New feature of low $p_{T}$ charm quark hadronization in $pp$ collisions at $\sqrt{s}=7$ TeV

TL;DR

This paper proposes a new low transverse momentum charm quark hadronization mechanism in proton-proton collisions at 7 TeV, based on constituent quark combination, challenging the traditional fragmentation picture.

Contribution

It introduces a novel hadronization scenario for low $p_{T}$ charm quarks in $pp$ collisions, supported by data analysis and constituent quark model considerations.

Findings

Data of $p_{T}$ spectra of charm hadrons are well described by the constituent quark combination model.

The results suggest a new hadronization mechanism different from fragmentation at low $p_{T}$.

Supports the effective constituent quark degrees of freedom in small systems at LHC energies.

Abstract

Treating the light-flavor constituent quarks and antiquarks that can well describe the data of light-flavor hadrons in $pp$ collisions at $\sqrt{s}=7$ TeV as the underlying source of chromatically neutralizing the charm quarks of low transverse momenta ($p_{T}$), we show that the experimental data of $p_{T}$ spectra of single-charm hadrons $D^{0,+}$, $D^{*+}$ $D_{s}^{+}$, $\Lambda_{c}^{+}$ and $\Xi_{c}^{0}$ at mid-rapidity in the low $p_{T}$ range ($2\lesssim p_{T}\lesssim7$ GeV/$c$) in $pp$ collisions at $\sqrt{s}=7$ TeV can be well understood by the equal-velocity combination of perturbatively-created charm quarks and those light-flavor constituent quarks and antiquarks.
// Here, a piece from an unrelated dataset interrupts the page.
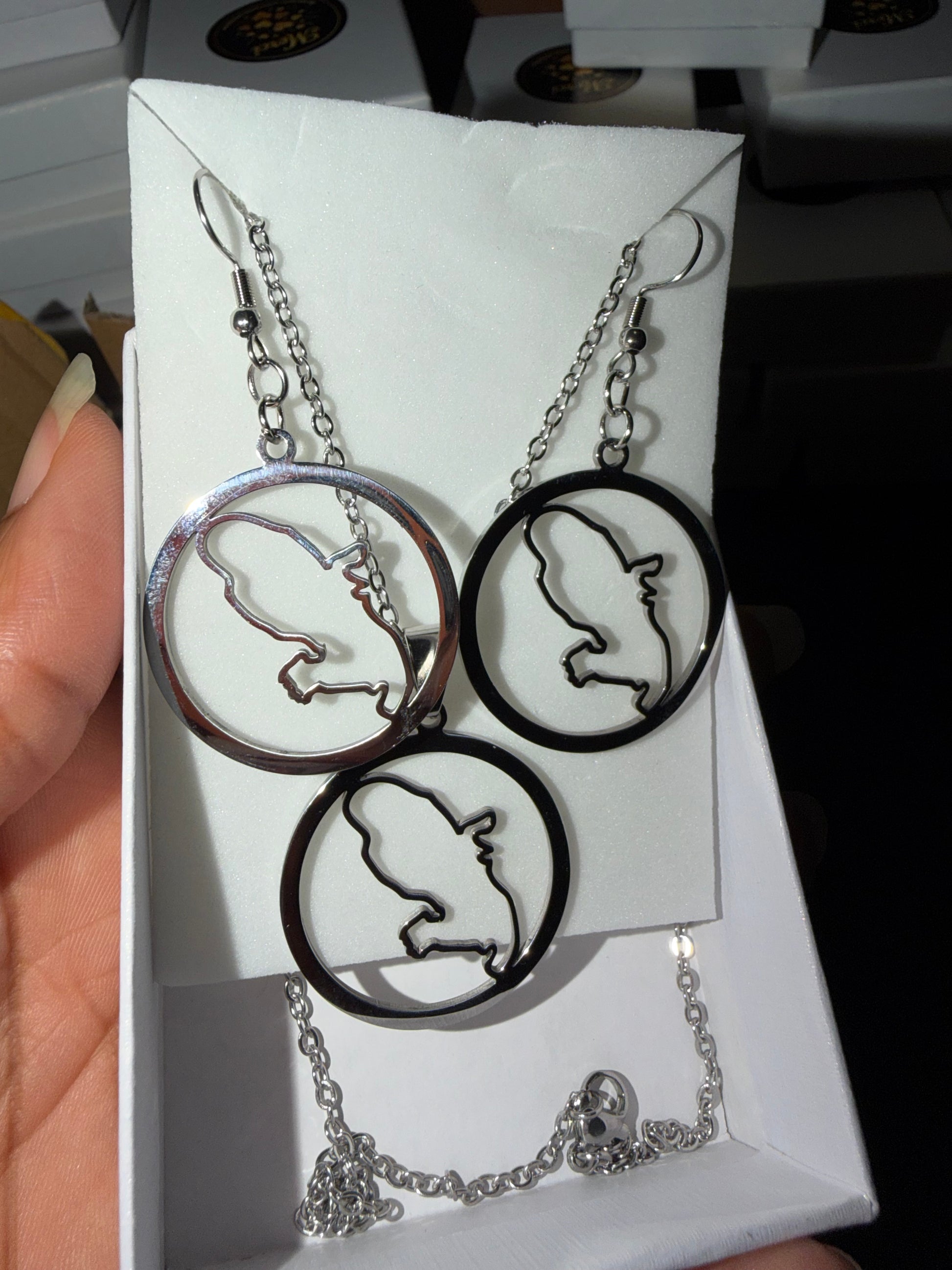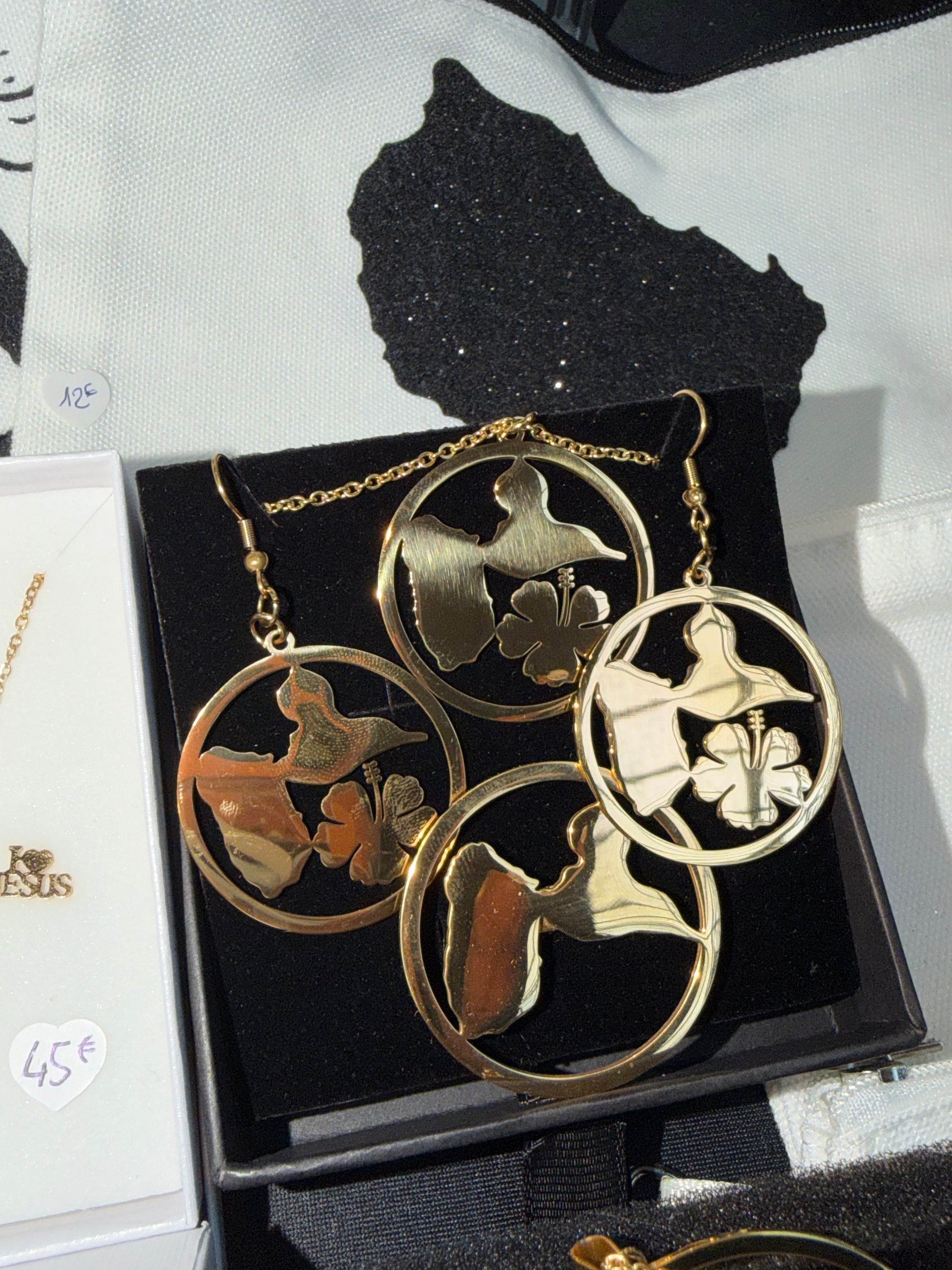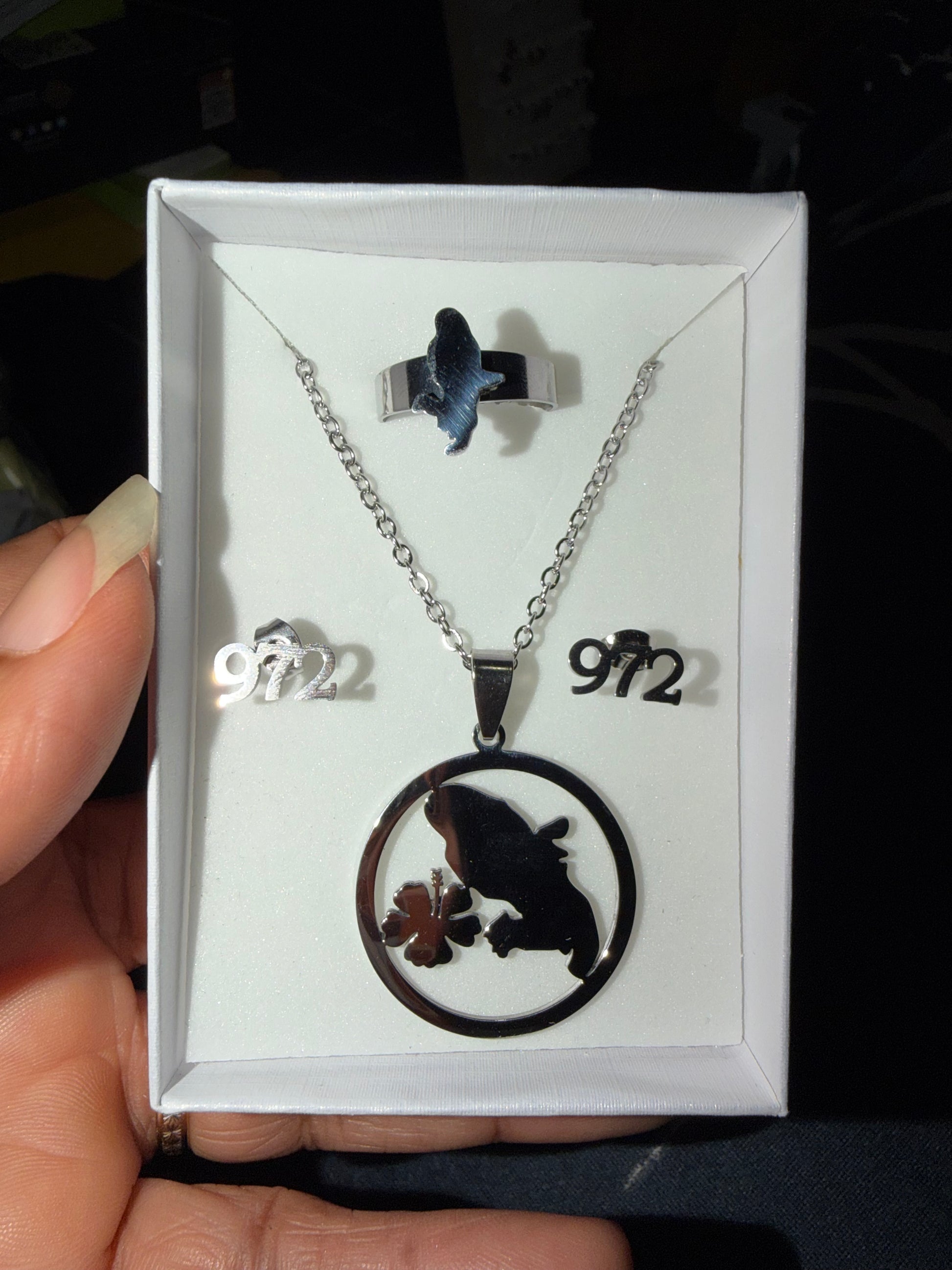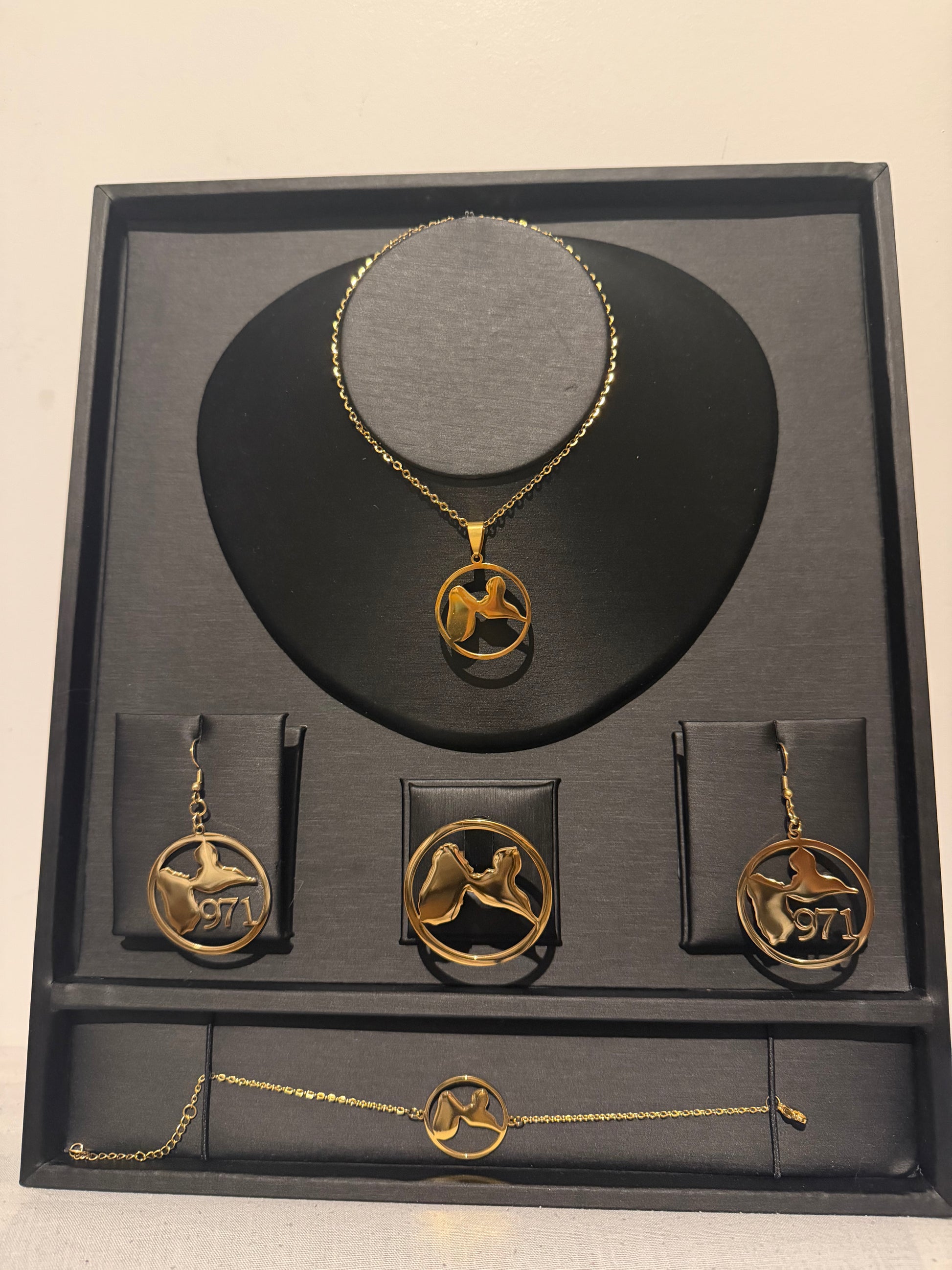 Chaque coffret est composé de bijoux en acier inoxydable (collier, bracelet, bague, boucles d’oreilles selon modèle) avec des designs inspirés de :

This suggests a possible new scenario of low $p_{T}$ charm quark hadronization, in contrast to the traditional fragmentation mechanism, in $pp$ collisions at LHC energies. This is also another support for the exhibition of the effective constituent quark degrees of freedom for the small parton system created in $pp$ collisions at LHC energies.